=== Records shown ===

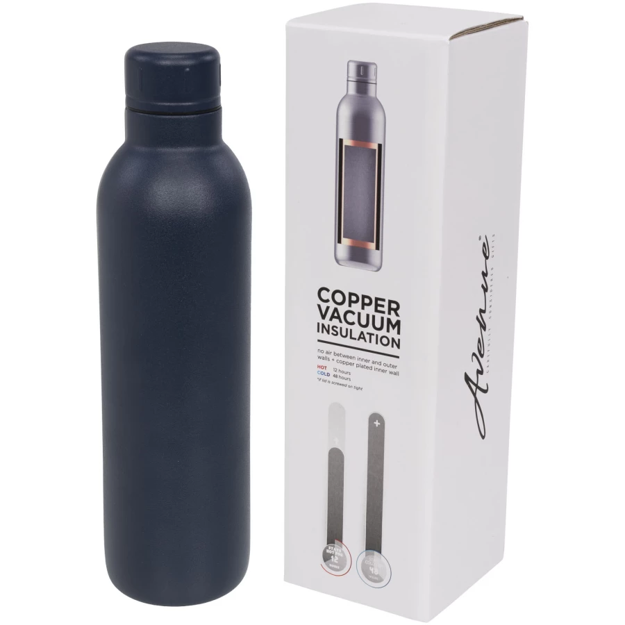 Trwały bidon-termos izolowany próżniowo i miedzią, sprawia, że zawartość pozostanie zimna przez 48 godzin lub ciepła przez min 12 godzin. Dzięki takiej konstrukcji para nie osadza się na zewnętrzu bidonu. Modne i trwałe malowanie proszkowe. Nakręcane wieczko ze stali nierdzewnej, które zapobiega rozlaniu. Pojemność 510ml. Zapakowana w pudełko upominkowe Avenue.
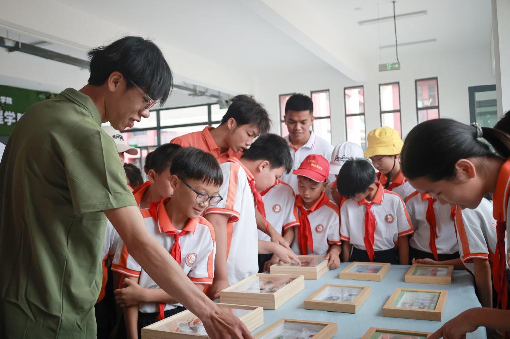 活动首站,小学生们跟随志愿者走进农生院8栋一楼植物工厂。层叠式LED光照栽培架、智能温控系统以及无土培育的蔬菜幼苗引发阵阵惊叹。小学生们边观察边记录,志愿者通过互动问答讲解“光配方”和营养液技术的奥秘。随后,众人移步连廊参观昆虫标本展,蝴蝶、甲虫、螳螂等数百件标本栩栩如生。志愿者以“昆虫王国历险记”为主题,讲述昆虫与生态的关系,孩子们透过放大镜观察昆虫翅膀纹理,感受大自然的奥妙。
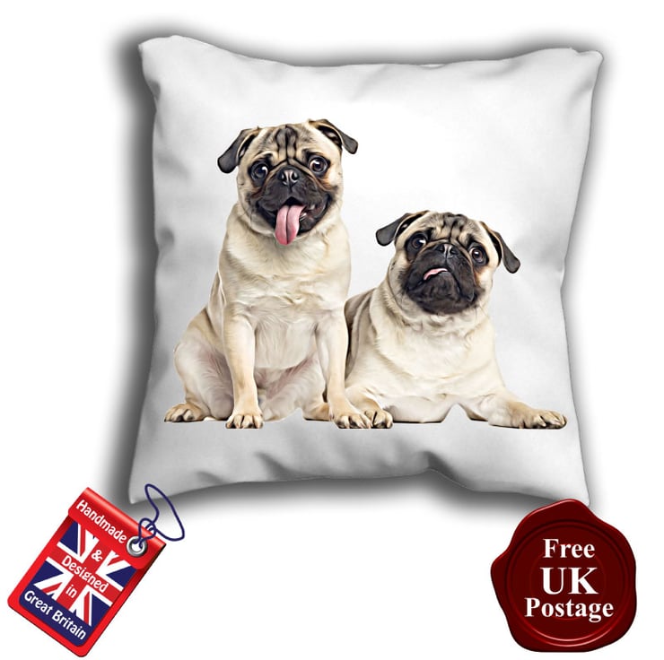 Pugs Cushion Cover, Pug Cover, Choose Your Size & Reverse Colour, Handmade with a zip for cover removal. Our Cushion Covers are designed and Printed by us Aggie’s Bags, our covers are overlocked to give it strength and structure.
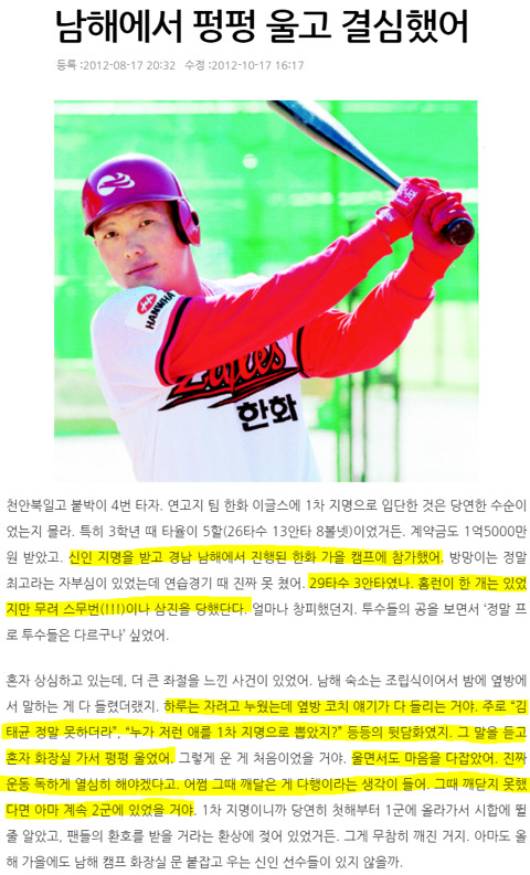 한화 하주석 김연정 사내연애 들킨썰
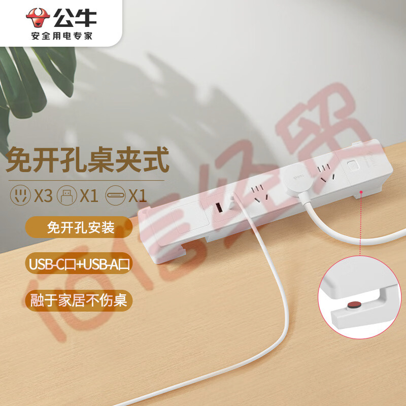 公牛(BULL)免開孔 桌夾式嵌入式插座/插線板/插排/排插/接線板/拖線板 多功能桌面插座 3位總控+2USB 自營
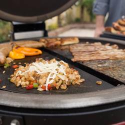 Create different heat zones in the Kamado with the half-moon heat deflector - an innovative design that partially blocks off heat to provide both indirect heat and open flame.
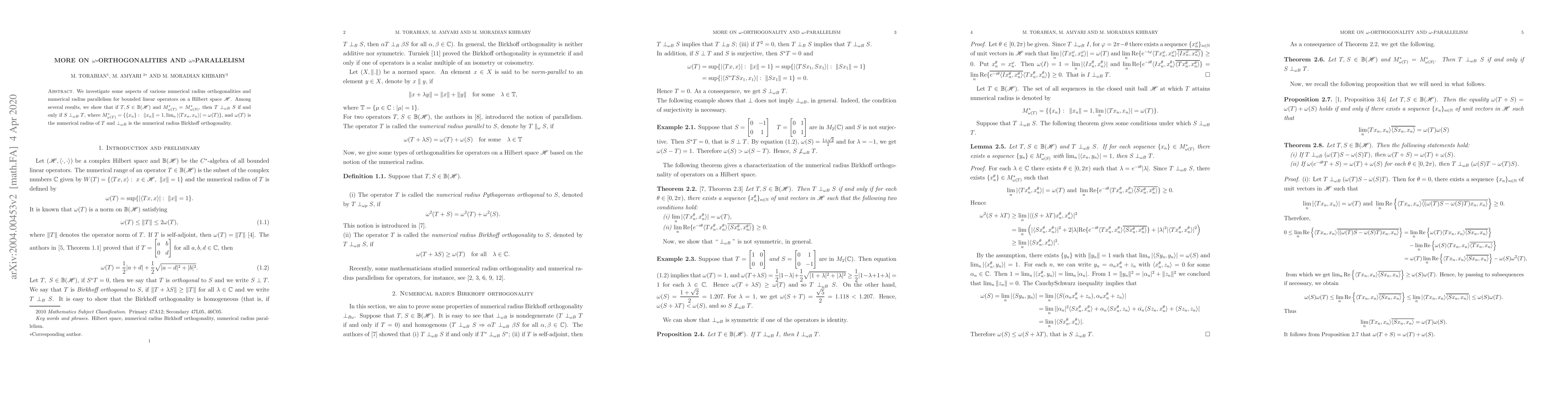 We investigate some aspects of various numerical radius orthogonalities and numerical radius parallelism for bounded linear operators on a Hilbert space $\mathscr{H}$. Among several results, we show that if $T,S\in \mathbb{B}(\mathscr{H})$ and $M^*_{\omega(T)}=M^*_{\omega(S)}$, then $T\perp_{\omega B} S$ if and only if $S\perp_{\omega B} T$, where $M^*_{\omega(T)}=\{\{x_n\}:\,\,\,\|x_n\|=1, \lim_n|\langle Tx_n, x_n\rangle|=\omega(T)\}$, and $\omega(T)$ is the numerical radius of $T$ and $\perp_{\omega B}$ is the numerical radius Birkhoff orthogonality.
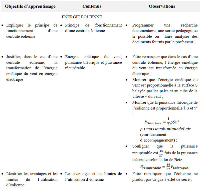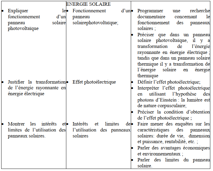 Objectifs généraux : L’apprenant est capable d’ :- expliquer l’importance des énergies renouvelables afin de contribuer au développement durable;
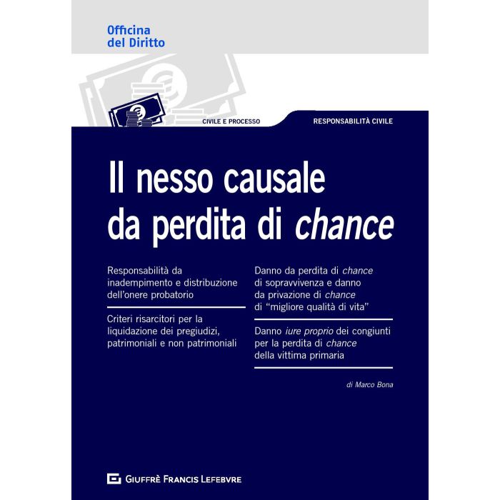 Officina del diritto: è uno strumento di lavoro e di studio pensato per arricchire le proprie conoscenze giuridiche attraverso un sistema di lettura strutturato su più livelli: uno più immediato che consente di focalizzare i concetti "guida" di una precisa fattispecie giuridica con l'utilizzo di esempi, tavole sinottiche, schemi, formule, quesiti, mappe giurisprudenziali, e un altro più approfondito che illustra organicamente la materia e nel quale si rinvengono informazioni puntuali e chiarimenti mirati di pronta fruibilità. L'opera "Il nesso causale da perdita di chance" affronta i seguenti temi: Responsabilità da inadempimento e distribuzione dell'onere probatorio - Criteri risarcitori per la liquidazione dei pregiudizi, patrimoniali e non patrimoniali - Danno da perdita di chance di sopravvivenza e danno da privazione di chance di "migliore qualità di vita" - Danno iure proprio de congiunti per la perdita di chance della vittima primaria.
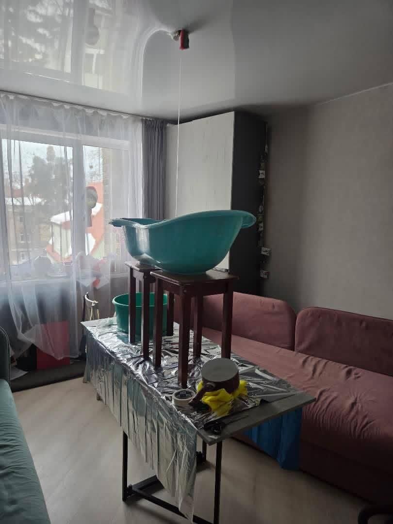 По её словам, за ночь ситуация усугубилась: набралось около 20 литров воды, начала мокнуть стена, а проводка стала коротить, что создаёт угрозу безопасности. Чтобы хоть как-то собрать воду, девушка подставила под струю стол, на котором стоит ванна. Из-за трёхдневных выходных ни одна из инстанций не отвечает на звонки.

===

**The task:** The answer must repeat every line of the listing exactly and leave the pictures out.

**Output:**
 Trwały bidon-termos izolowany próżniowo i miedzią, sprawia, że zawartość pozostanie zimna przez 48 godzin lub ciepła przez min 12 godzin. Dzięki takiej konstrukcji para nie osadza się na zewnętrzu bidonu. Modne i trwałe malowanie proszkowe. Nakręcane wieczko ze stali nierdzewnej, które zapobiega rozlaniu. Pojemność 510ml. Zapakowana w pudełko upominkowe Avenue.
 活动首站,小学生们跟随志愿者走进农生院8栋一楼植物工厂。层叠式LED光照栽培架、智能温控系统以及无土培育的蔬菜幼苗引发阵阵惊叹。小学生们边观察边记录,志愿者通过互动问答讲解“光配方”和营养液技术的奥秘。随后,众人移步连廊参观昆虫标本展,蝴蝶、甲虫、螳螂等数百件标本栩栩如生。志愿者以“昆虫王国历险记”为主题,讲述昆虫与生态的关系,孩子们透过放大镜观察昆虫翅膀纹理,感受大自然的奥妙。
 Pugs Cushion Cover, Pug Cover, Choose Your Size & Reverse Colour, Handmade with a zip for cover removal. Our Cushion Covers are designed and Printed by us Aggie’s Bags, our covers are overlocked to give it strength and structure.
 한화 하주석 김연정 사내연애 들킨썰
 公牛(BULL)免開孔 桌夾式嵌入式插座/插線板/插排/排插/接線板/拖線板 多功能桌面插座 3位總控+2USB 自營
 Create different heat zones in the Kamado with the half-moon heat deflector - an innovative design that partially blocks off heat to provide both indirect heat and open flame.
 We investigate some aspects of various numerical radius orthogonalities and numerical radius parallelism for bounded linear operators on a Hilbert space $\mathscr{H}$. Among several results, we show that if $T,S\in \mathbb{B}(\mathscr{H})$ and $M^*_{\omega(T)}=M^*_{\omega(S)}$, then $T\perp_{\omega B} S$ if and only if $S\perp_{\omega B} T$, where $M^*_{\omega(T)}=\{\{x_n\}:\,\,\,\|x_n\|=1, \lim_n|\langle Tx_n, x_n\rangle|=\omega(T)\}$, and $\omega(T)$ is the numerical radius of $T$ and $\perp_{\omega B}$ is the numerical radius Birkhoff orthogonality.
 Objectifs généraux : L’apprenant est capable d’ :- expliquer l’importance des énergies renouvelables afin de contribuer au développement durable;
 Officina del diritto: è uno strumento di lavoro e di studio pensato per arricchire le proprie conoscenze giuridiche attraverso un sistema di lettura strutturato su più livelli: uno più immediato che consente di focalizzare i concetti "guida" di una precisa fattispecie giuridica con l'utilizzo di esempi, tavole sinottiche, schemi, formule, quesiti, mappe giurisprudenziali, e un altro più approfondito che illustra organicamente la materia e nel quale si rinvengono informazioni puntuali e chiarimenti mirati di pronta fruibilità. L'opera "Il nesso causale da perdita di chance" affronta i seguenti temi: Responsabilità da inadempimento e distribuzione dell'onere probatorio - Criteri risarcitori per la liquidazione dei pregiudizi, patrimoniali e non patrimoniali - Danno da perdita di chance di sopravvivenza e danno da privazione di chance di "migliore qualità di vita" - Danno iure proprio de congiunti per la perdita di chance della vittima primaria.
 По её словам, за ночь ситуация усугубилась: набралось около 20 литров воды, начала мокнуть стена, а проводка стала коротить, что создаёт угрозу безопасности. Чтобы хоть как-то собрать воду, девушка подставила под струю стол, на котором стоит ванна. Из-за трёхдневных выходных ни одна из инстанций не отвечает на звонки.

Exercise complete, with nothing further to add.